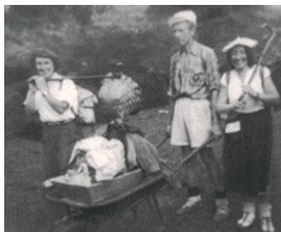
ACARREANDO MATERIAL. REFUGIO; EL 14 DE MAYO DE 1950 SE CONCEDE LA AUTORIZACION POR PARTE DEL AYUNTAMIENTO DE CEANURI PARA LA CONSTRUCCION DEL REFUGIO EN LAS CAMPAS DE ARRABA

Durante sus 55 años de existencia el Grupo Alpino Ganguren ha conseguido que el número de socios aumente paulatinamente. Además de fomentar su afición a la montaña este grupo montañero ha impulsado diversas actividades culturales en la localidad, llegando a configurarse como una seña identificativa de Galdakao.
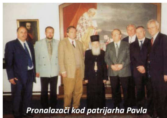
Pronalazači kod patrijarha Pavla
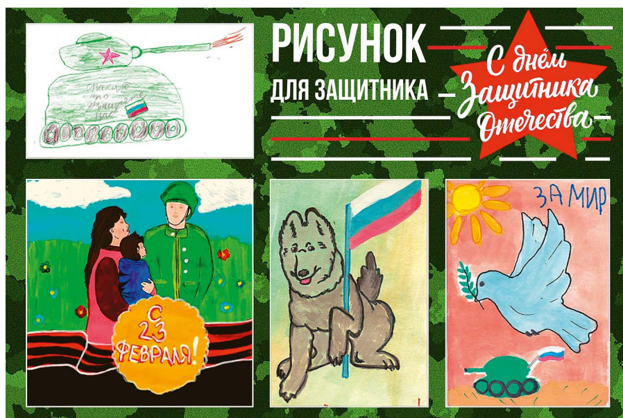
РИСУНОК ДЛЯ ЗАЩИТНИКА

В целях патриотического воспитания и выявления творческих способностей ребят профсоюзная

...

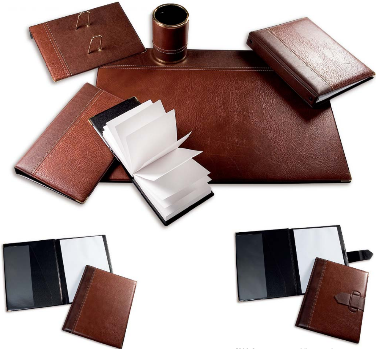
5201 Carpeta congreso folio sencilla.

● **Task description**
Give again the lines of the listing above that run from the one with "Pronalazači kod patrijarha Pavla" up to and including the one with "В целях патриотического". Keep them exact and omit the pictures.

● **Written response**
Pronalazači kod patrijarha Pavla
РИСУНОК ДЛЯ ЗАЩИТНИКА

В целях патриотического воспитания и выявления творческих способностей ребят профсоюзная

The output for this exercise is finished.